Living in London is an exciting prospect for many, but the city's notoriously high rental prices can be a major obstacle. With the average monthly rent for a one-bedroom apartment in London hovering around £1,700, it's no wonder that finding an affordable place to call home can feel like an insurmountable challenge. However, there are still some hidden gems in the city where you can find more budget-friendly rental options. Below, we'll take a look into the cheapest areas to rent in London, providing you with all the information you need to make an informed decision about where to live.



Factors Affecting Rental Prices in London


Before we explore the most affordable areas, it's important to understand the various factors that influence rental prices in the city. Here are some of the key elements that can impact the cost of renting in London:

  1. Location: Generally speaking, the closer a property is to central London, the higher the rental price will be. Areas that are farther from the city centre tend to have lower rental costs.

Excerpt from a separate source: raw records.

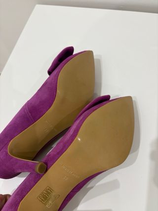 Elegantes zapatos de salón Nuria Cobo en color bugambilla. - Material de ante. - Adorno de lazo en la punta. - Diseño de punta fina.
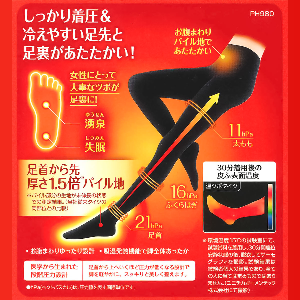 | 仕 様 | ・段階着圧:足首21hPa ふくらはぎ16hPa 太もも11hPa ・吸湿発熱機能 ・お腹まわりゆったり設計
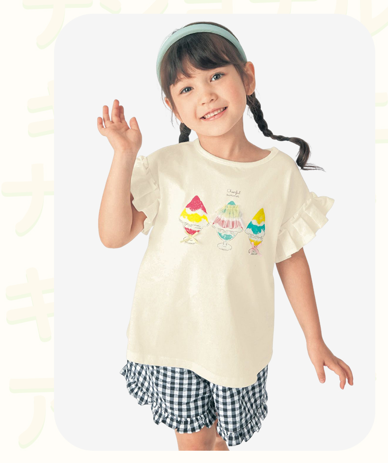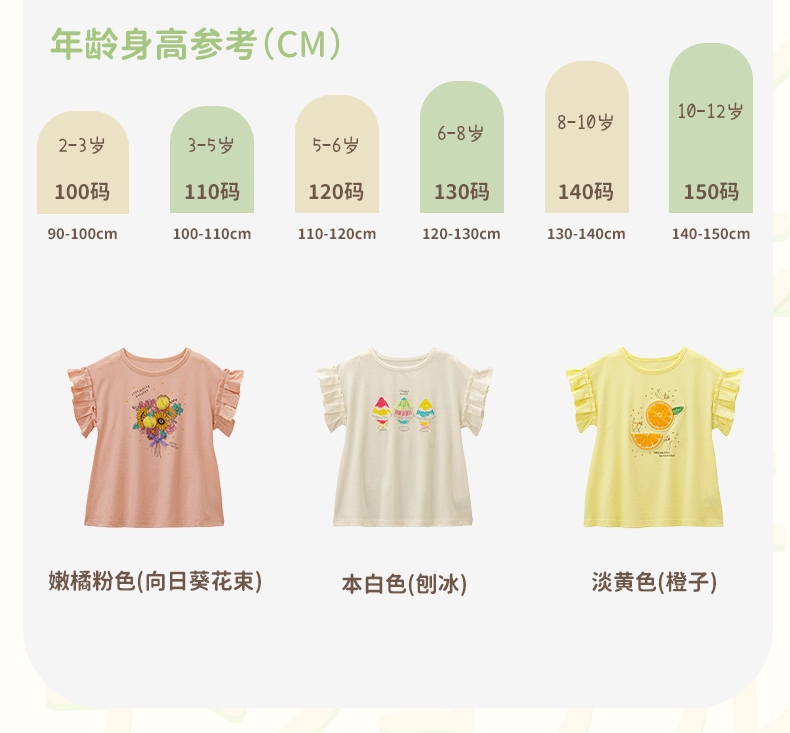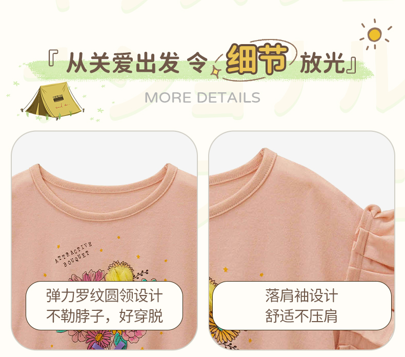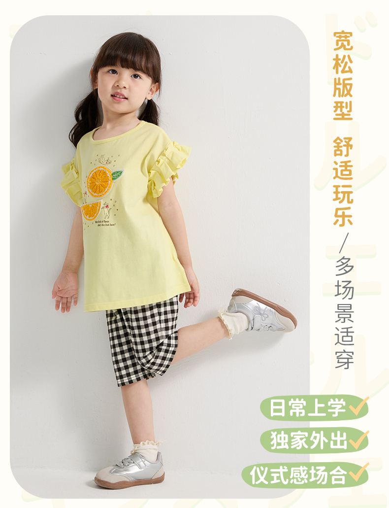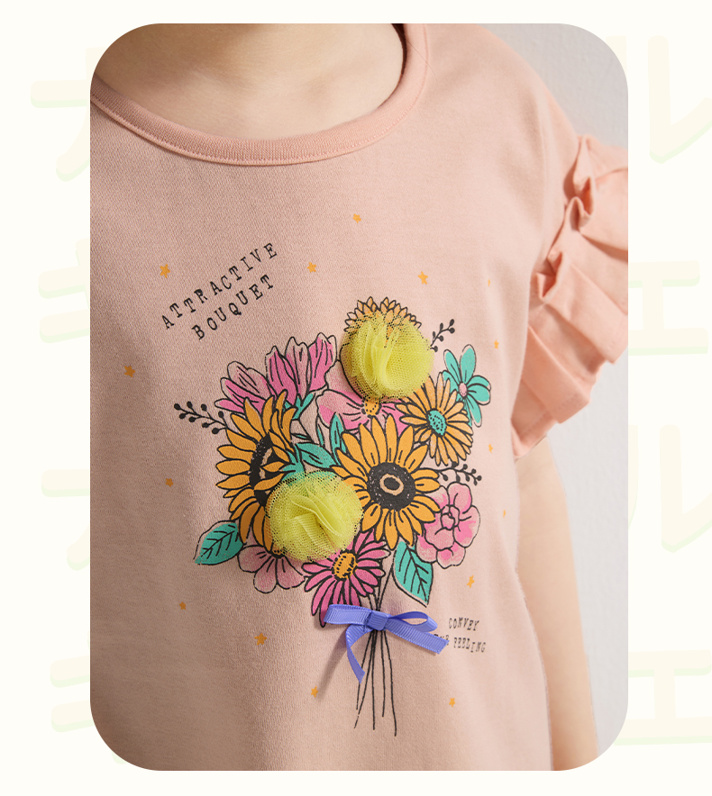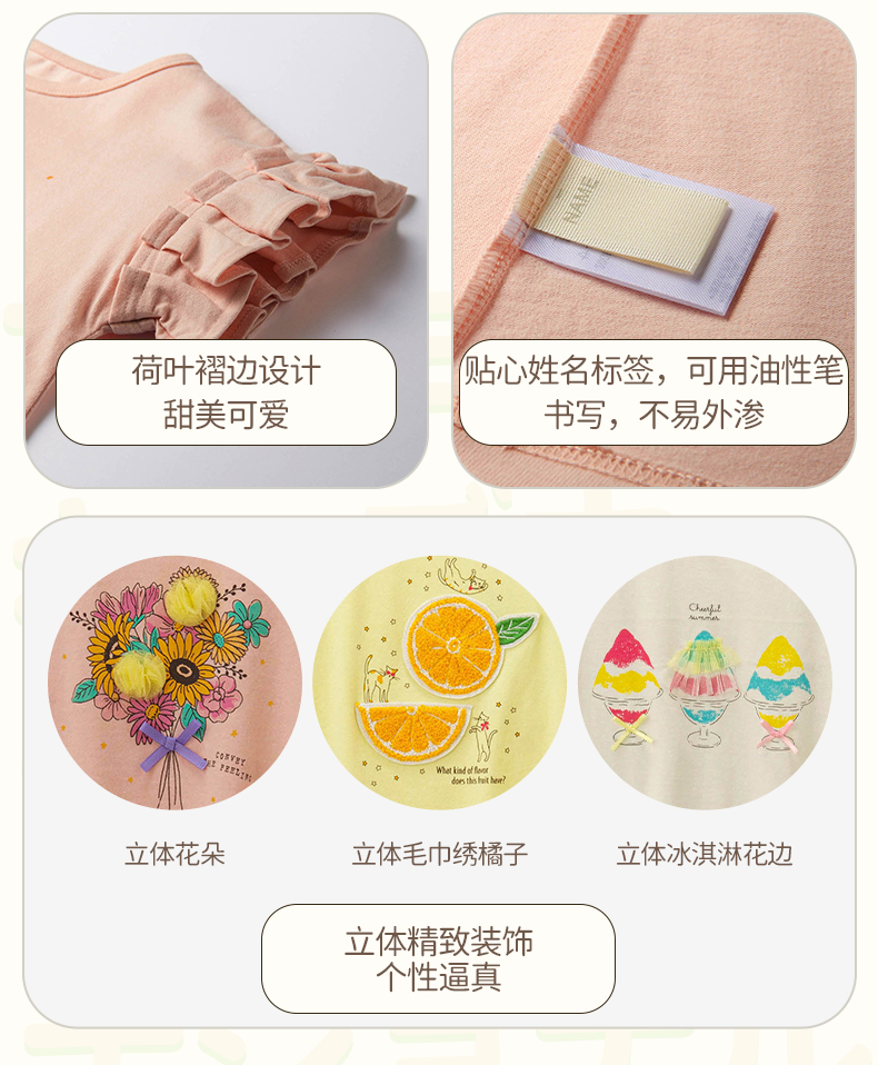 千趣会童装夏女童甜美印花立体装饰连肩袖短袖棉质T恤

  2. Transport Links: Properties located near tube stations, major bus routes, or train stations often command higher rents due to the convenience they offer for commuters.

  3. Local Amenities: Areas with a wide range of shops, restaurants, bars, parks, and other amenities can drive up rental prices, as they are more desirable places to live.

  4. Property Type: The type of property available in an area can also affect rental costs. For example, areas with a higher proportion of larger houses or spacious flats may have lower average rents compared to those with mostly studio apartments or shared accommodation.

  5. Demand: High demand for rental properties in a particular area can push prices up, while lower demand can lead to more affordable options.


1. Bexley


Bexley, in southeast London, currently holds the crown for the cheapest rental area in the city. With an average monthly rent of £1,100 for a one-bedroom flat, Bexley offers a significantly more affordable alternative to the sky-high prices found in central London boroughs.


Rental Prices

Property Type

Average Monthly Rent

1-bedroom flat

£1,100

2-bedroom flat

£1,300

3-bedroom house

£1,600

4-bedroom house

£1,900

Pros and Cons


Living in Bexley has its advantages and disadvantages. On the plus side, you'll benefit from:

  • Lower rental prices compared to more central areas

  • More spacious properties, often with gardens or outdoor spaces

  • A quieter, more suburban atmosphere that's ideal for families

However, there are some potential drawbacks to consider:

  • Longer commute times to central London (around 45 minutes to an hour by train or car)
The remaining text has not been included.